UCSC BME 200 Fall 2006
Being a Bioinformatics Grad Student
(Last Update:
08:11 PDT 2 July 2007
)
This is a required course for graduate students in bioinformatics.
For catalog copy and pre-requisites, see the
main page for BME200.
Who, When, and Where:
Instructor: Kevin Karplus (
karplus@soe.ucsc.edu) http://www.soe.ucsc.edu/~karplus
Office hours: M3:30-4:30 PSB 318
lecture and discussion section (REQUIRED):
PSB 305 Th 4-5:45 (Not Baskin 169 as scheduled by the Registrar)
Do not take BME 200 for a letter grade!
The lectures and discussions will cover topics specific to
bioinformatics, including such things as lab safety and cultural
differences between the academic cultures of biology and computer
science, as well as more general graduate student stuff, such as how
to write a research paper, avoiding sexual harassment, fellowships,
library usage, LaTeX, ...
All new grad students should plan on taking 280B this quarter, since
it will be a series of introductory lectures by faculty who can accept
grad students into their labs for lab rotation projects.
Requirements to pass
There will be a small number of written assignments for this class:
a LaTeX exercise, a library/BibTeX exercise, writing a fellowship or
grant proposal, and a web page exercise.
The course is graded strictly on the Satisfactory/Unsatisfactory scale.
Do not register for a letter grade.
-
The attendance requirement:
You must attend the 7 of the 10 class sessions (and all 10 would be preferable).

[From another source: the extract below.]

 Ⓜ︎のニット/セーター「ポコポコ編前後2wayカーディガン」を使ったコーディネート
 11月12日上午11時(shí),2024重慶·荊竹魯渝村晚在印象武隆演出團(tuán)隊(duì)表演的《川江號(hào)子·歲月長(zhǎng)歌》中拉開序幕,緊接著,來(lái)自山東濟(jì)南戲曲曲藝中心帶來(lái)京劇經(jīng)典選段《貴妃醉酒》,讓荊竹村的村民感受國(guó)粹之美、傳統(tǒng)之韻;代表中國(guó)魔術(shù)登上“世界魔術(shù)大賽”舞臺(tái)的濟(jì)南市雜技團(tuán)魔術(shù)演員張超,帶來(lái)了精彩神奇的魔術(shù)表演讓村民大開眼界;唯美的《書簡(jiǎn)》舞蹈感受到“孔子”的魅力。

- You must turn in all four assignments,
and do passing work on at least three.
Texts
Required:
Optional:
Academic Integrity
Anyone caught cheating in the class will be punished severely—most
likely failed in the class and possibly thrown out of grad school.
Cheating
includes any attempt to claim someone else's work as your own.

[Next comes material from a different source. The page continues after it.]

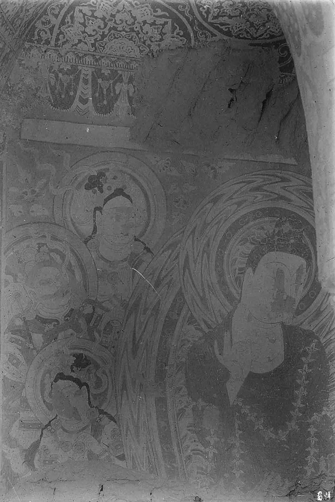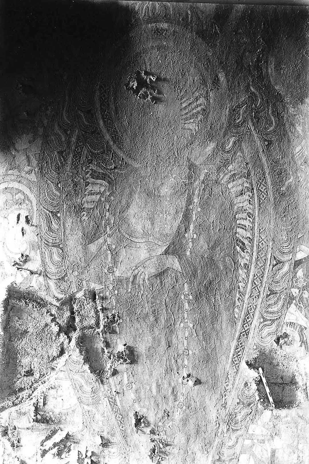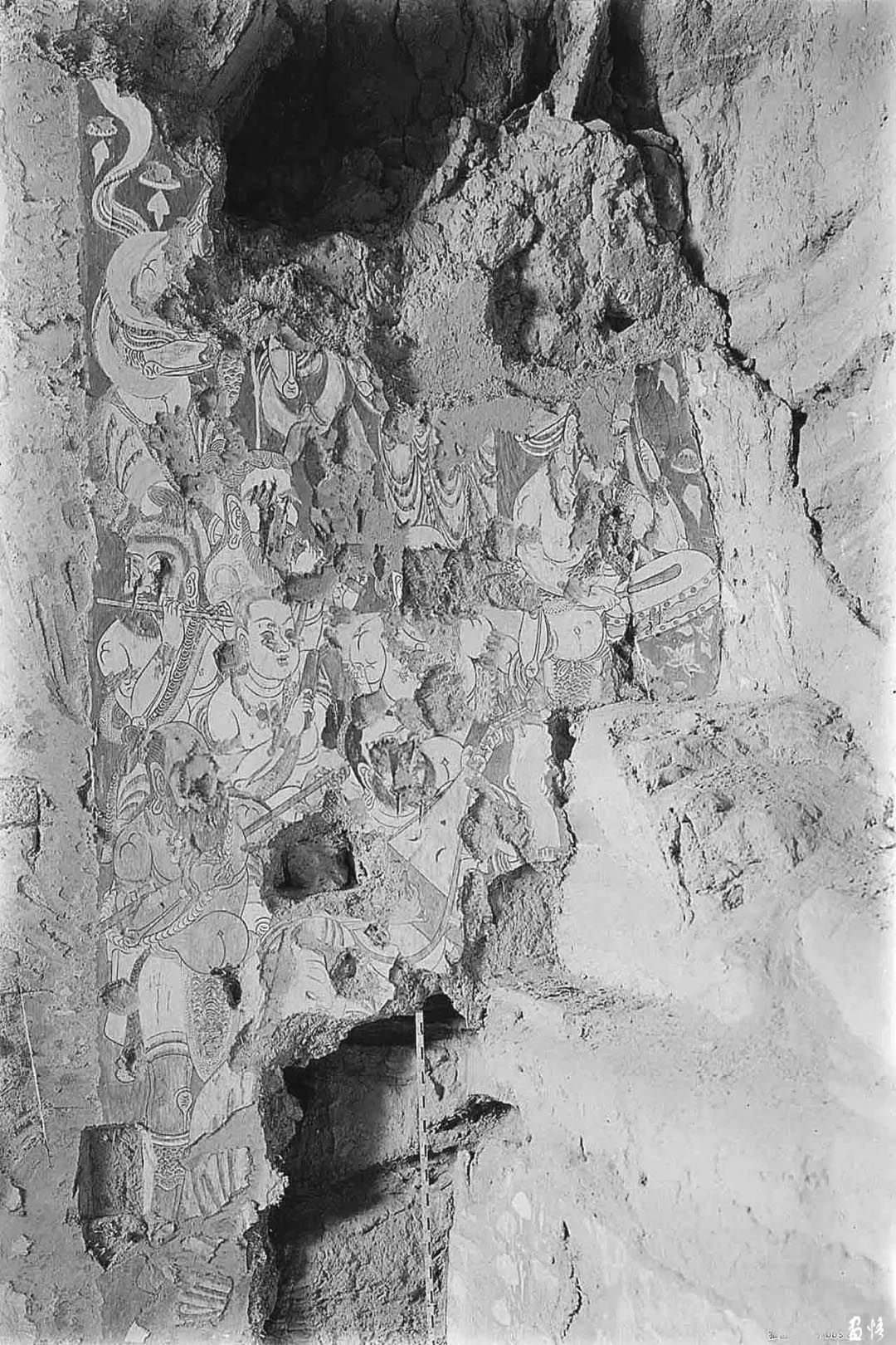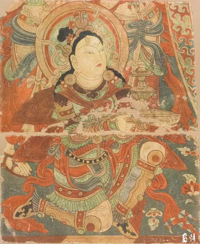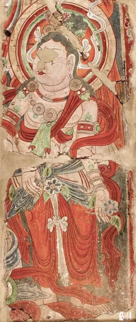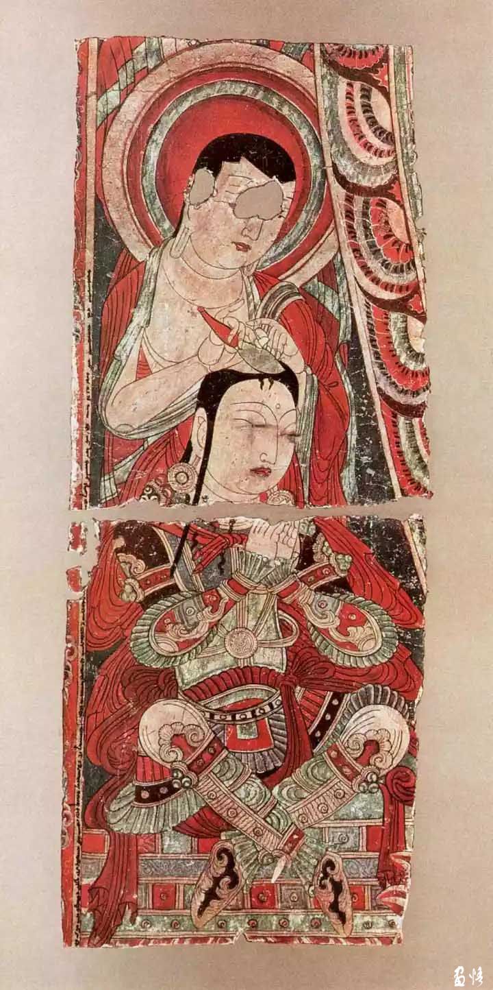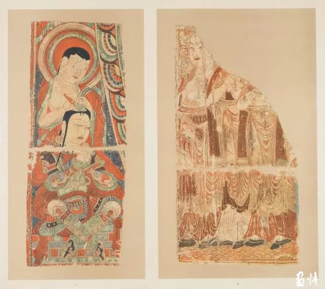 隨即他們?cè)谝粋€(gè)洞窟中,發(fā)現(xiàn)繪滿(mǎn)色彩的壁畫(huà),有諸佛和各種姿勢(shì)的菩薩,有的合十、有的散花、有的奏樂(lè)。天人的舞姿、魔鬼的兇相,色彩、用筆都有很高的造詣。還有泥翅佛像,對(duì)歐洲人盜取壁畫(huà)的方式氣憤之余的日本人也取出了特制的“狐尾鋸”切割了足以欣賞的壁畫(huà)7塊,獲得泥塑佛像7身。
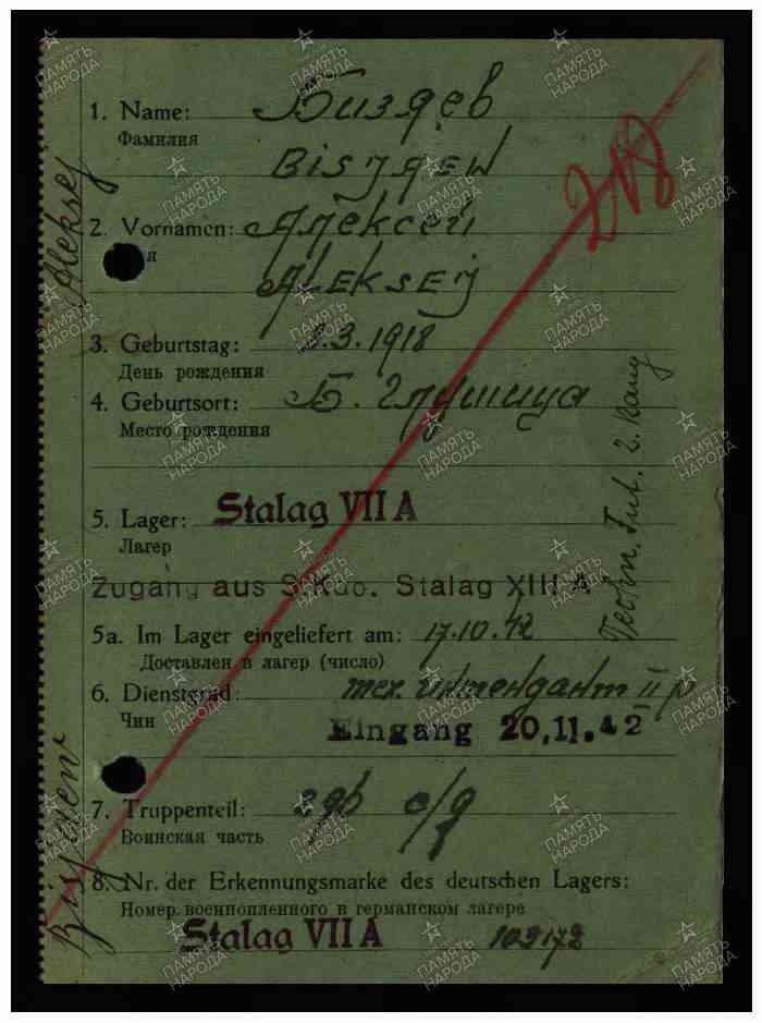 Родился 8.03.1918 г. в с. Большая Глушица Куйбышевской области. Проживал в п. Коноваловский. Призван в Красную Армию в 1939 г., звание – интендант. Стало известно, что Алексей Николаевич попал в плен в июле 1942 года в районе города Каменск. Содержался в лагере шталаг XIII A, шталаг VII A. В лагерь Шталаг VII А был доставлен 17.10.1942 года, о чем свидетельствует найденный документ (архивную копию документа прила-гаем).

Plagiarism in any form (including close paraphrasing) will be
considered cheating. Use of any source without proper citation will
be considered cheating.
Collaboration without explicit written acknowledgment will be
considered cheating.
Collaboration on some assignments with explicit written acknowledgment
is encouraged—guidelines for the extent of reasonable collaboration
will be given in class.
Rogues' Gallery
Who is in the class this year. I'm trying to learn the names of this
year's students. I'm hoping to have them all straight within 10
weeks. That doesn't sound very challenging with only 9 students, but
I have real trouble with names.
John Archie
| Miriam Bellows
| Jonathan Magasin
| Daniel Sam
|
Chris Szeto
| Shyamini Vasili
| Marcos Woehrmann
| Zeng Zhu
|
Tentative schedule of topics
Note: list should be updated throughout the quarter to reflect what
really happens.
- 21 Sept 06
-
Administrivia.
Mailing lists:
- compbio
- optional mailing list: bioinformatics seminar announcments, jobs, bread-and-tea, ...
compbio is now a mailman-maintained list!

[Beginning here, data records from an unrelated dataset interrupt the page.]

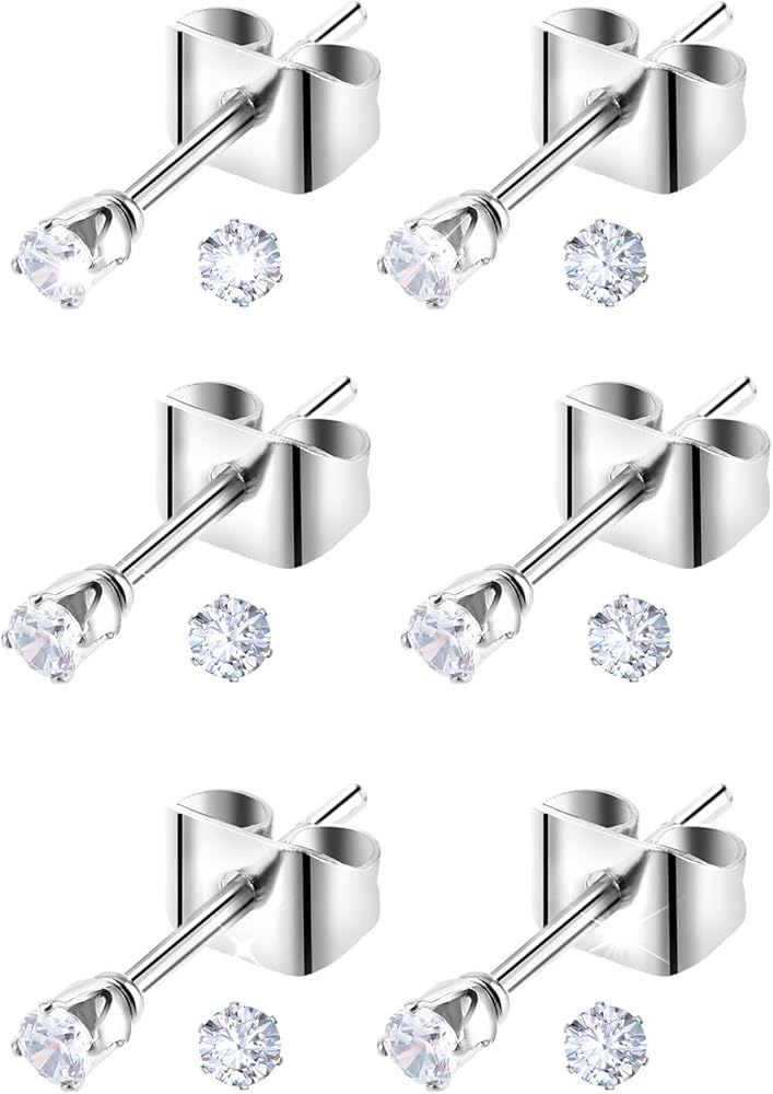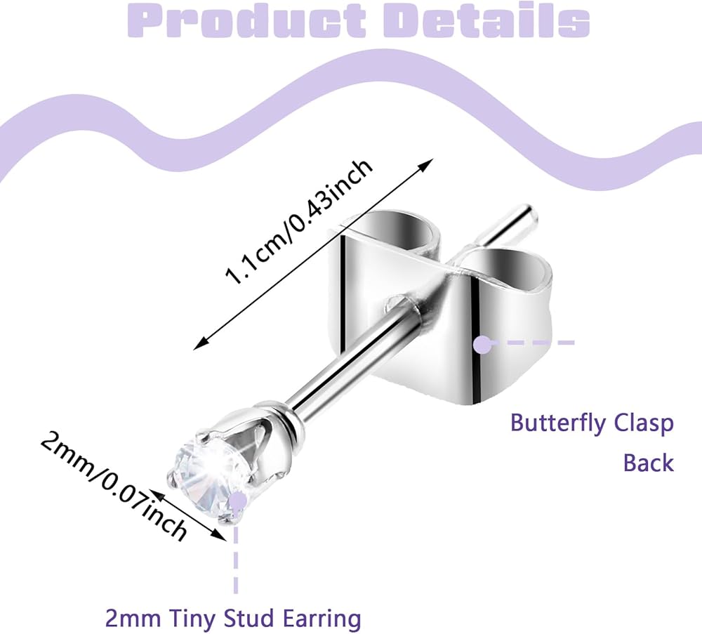 Package contents: The earrings studs set includes 6 pairs of delicate silver zircon stud earrings, suitable for both men and women. Each pair features a 2mm diameter zircon, a moderately sized design that is simple yet eye-catching. Whether for everyday wear or a party, the women's stud earrings will add a touch of sparkle to your overall look
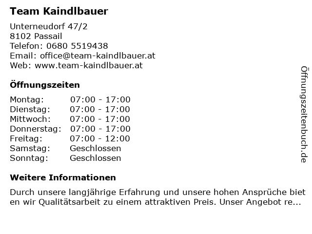 | Öffnungszeiten Team Kaindlbauer in Passail anzeigen | |
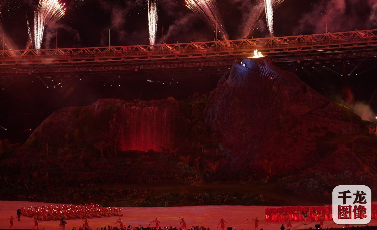 8月18日,2018年印尼雅加达亚运会开幕式在朋加诺体育场举行。在圣火点燃时刻,印尼羽毛球名宿王莲香走上山脉。当她点燃圣火的一刻,“岩浆”倾泻而下,将开幕式气氛推向高潮。图为开幕式现场精彩瞬间。千龙网发 萧峰摄
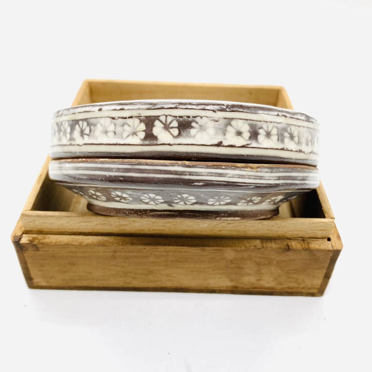 朱肉池 肉地 陶器 木箱付き アンティーク 陶器 レトロ

See http://www.soe.ucsc.edu/mailman/listinfo/compbio
for information about the compbio mailing list.
- binf-grads
- automatic, can't unsubscribe: official announcements from the department.
- grads, grad-news, ...
- See the
http://www.soe.ucsc.edu/advising/graduate/grademail.html web
page for more information about these School of Engineering mailing lists.
- genecats
- For developers of the genome browser, and comparative genomics
research results.
See http://www.soe.ucsc.edu/mailman/listinfo/genecats
for information about the genecats mailing list.
- netdogs
- An informal group of grad students interested in tools for
dealing with protein networks.
See http://www.soe.ucsc.edu/mailman/listinfo/netdogs
for more information.
- mcdseminars
- Announcements of the topics for seminars in the Monday+Friday
Molecular, Cell, and Developmental Biology series (12:30 in Nat Sci
Annex 101)
http://lists.pbsci.ucsc.edu/mailman/listinfo/mcdseminars
- pdb-l
- Users mailing list for the Protein Data Bank. Often has
questions about tools and interpretation of protein models,
resulting in tutorial replies.
See https://lists.sdsc.edu/mailman/listinfo.cgi/pdb-l
for more information.
- molvis-list
- Molecular visualization mailing list.
See http://bioinformatics.org/mailman/listinfo/molvis-list
- bioedu
- Bioinformatics education mailing list
See https://bioinformatics.org/mailman/listinfo/bioedu
for more information.
Organization of SoE and bioinformatics file systems.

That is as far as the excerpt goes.